-- SUPPLIED MATERIAL follows --

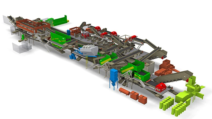 The latest AI, robotic and fiber optical technologies add to BHS’ mixed waste recovery capabilities, a patented process that has been implemented throughout the world including at several operational facilities in California. The process includes BHS metering and bag opening technologies, Tri-Disc screens, Nihot air density classification and NRT In-Flight Sorting optical technology. The PHMRF design includes the built-in flexibility to run several material types on the same line, from dry single-stream recyclables to organics-rich MSW at high rates of throughput, recovery and uptime, according to BHS.
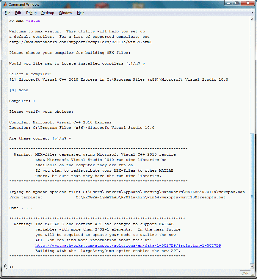 Für das Compileren eines Mex-Files muss dem Befehl mex ein C-Compiler zur Verfügung stehen. Dafür muss (einmalig) ein Setup ausgeführt werden, bei dem der gewünschte C-Compiler zugeordnet wird. Zu älteren (32-Bit-)Matlab-Versionen gehörte ein C-Compiler, der dafür verwendet werden konnte. Es war aber immer eine gute Idee, im Setup dem mex-Befehl den C-Compiler zuzuweisen, der auch für die Compilierung der C-Dateien verwendet wurde, die vom Mex-File aufgerufen werden (und zum Beispiel in statischen Libraries zusammengefasst wurden).
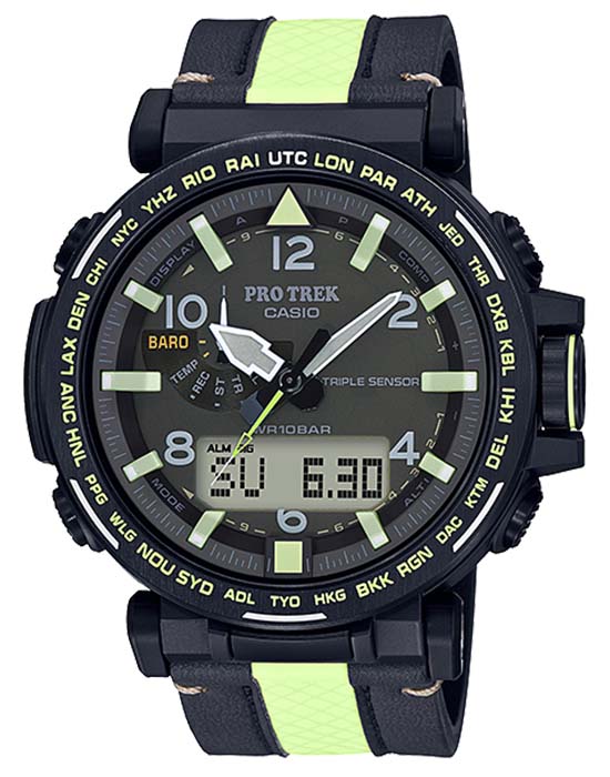 Японские мужские часы-хронографХронографФункция позволяет измерять отрезки времени с особой точностью: часы, минуты, секунды. Верным признаком хронографа является наличие на циферблате 3 дополнительных окошек-счётчиков. Casio Pro Trek PRG-650YL-3DR. Минеральное стеклоМинеральное стеклоМинеральное стекло представляет собой искусственно выращенный минерал кварца. Такое стекло отличается особой устойчивостью к повреждениям и царапинам. Уступает по некоторым качествам сапфировому стеклу. устойчивое к появлению царапин, обладающее высокой прозрачностью. Pro Trek представляет новые камуфляжные вариации для многофункциональных и спортивных часов. Triple Sensor - General-Purpose Line. Питание от солнечной энергии Tough SolarTough SolarТехнология основана на подзарядке аккумулятора от источника солнечного света, специальная панель улавливает солнечные лучи и преобразует их в энергию для работы часов. Достаточно пары минут нахождения на солнце для функционирования часов в течении суток. - солнечные батарейки большой мощности, индикатор заряда батареи. Функция автоматического сохранения энергии. Время работы аккумулятора без подзарядки приблизительно 8 месяцев, при включенной функции сохранения энергии приблизительно 23 месяца. Модуль часов рассчитан на работу при низких температурах до -10°С/14°F. Корпус часовы выполенен из пластика и стали с IP-покрытиемIP-покрытиеМетод ионного напыления. Демонстрирует повышенную устойчивость к истиранию, окислению и химическим веществам. Под воздействием высокого давления и температуры около 1500°C молекулы металла надёжно соединяются с частицами корпуса часов.. Циферблат подсвечивается ярким светодиодомСветодиодная подсветкаСветодиодная или LED-подсветка обеспечивает появление яркого холодного свечения за счёт LED-элементов - маленьких лампочек. Они потребляют минимальное количество энергии, чаще всего можно встретить 1 светодиод, в нижней части циферблата., при недостаточном освещении во время поворота запястья в сторону лица подсветка включается автоматически.  Мировое времяМировое время Полезное часовое усложнение, отображающее время в основных городах и известных областях по всему миру, оно связано с часовыми поясами, удобно для путешественников и бизнесменов. – 48 городов (29 часовых поясов), всемирное координированное время (UTC). Функция включения/отключения летнего времени. 12-ти и 24-х часовой формат времени. Время восхода и захода Солнца. Технология Triple Sensor позволяет точно и легко определять сторону света, температуру и атмосферное давление. Термометр от -10° до +60°С с точностью 0,1°C. Барометр - измерение атмосферного давления от 260 до 1100 гПа (от 195 до 825 мм рт. ст.). Встроенный цифровой компас. Диапазон измерения от 0° до 359° с точностью 1°. Высотомер - встроенный датчик барометрического давления с возможностью вывода результатов в единицах высоты над уровнем моря (от -700 до 10000 метров). СекундомерСекундомерСекундоме́р — прибор, способный измерять интервалы времени с точностью до долей секунды. с точностью измерения 1/100 секунды и измерением до 23 часов 59 минут 59,99 cек. ТаймерТаймерОтсчитывает секунды в обратном направлении в заданном интервале времени. обратного отсчета (диапазон времени 24 часа), автоматический календарь, 12/24 отображение времени. 5 будильниковБудильникБуди́льник — часы, в заданный момент времени подающи

-- SUPPLIED MATERIAL concluded --

An exact copy is needed of only the lines from the top of the material through the line with "Für das Compileren"; no pictures belong in it.

 The latest AI, robotic and fiber optical technologies add to BHS’ mixed waste recovery capabilities, a patented process that has been implemented throughout the world including at several operational facilities in California. The process includes BHS metering and bag opening technologies, Tri-Disc screens, Nihot air density classification and NRT In-Flight Sorting optical technology. The PHMRF design includes the built-in flexibility to run several material types on the same line, from dry single-stream recyclables to organics-rich MSW at high rates of throughput, recovery and uptime, according to BHS.
 Für das Compileren eines Mex-Files muss dem Befehl mex ein C-Compiler zur Verfügung stehen. Dafür muss (einmalig) ein Setup ausgeführt werden, bei dem der gewünschte C-Compiler zugeordnet wird. Zu älteren (32-Bit-)Matlab-Versionen gehörte ein C-Compiler, der dafür verwendet werden konnte. Es war aber immer eine gute Idee, im Setup dem mex-Befehl den C-Compiler zuzuweisen, der auch für die Compilierung der C-Dateien verwendet wurde, die vom Mex-File aufgerufen werden (und zum Beispiel in statischen Libraries zusammengefasst wurden).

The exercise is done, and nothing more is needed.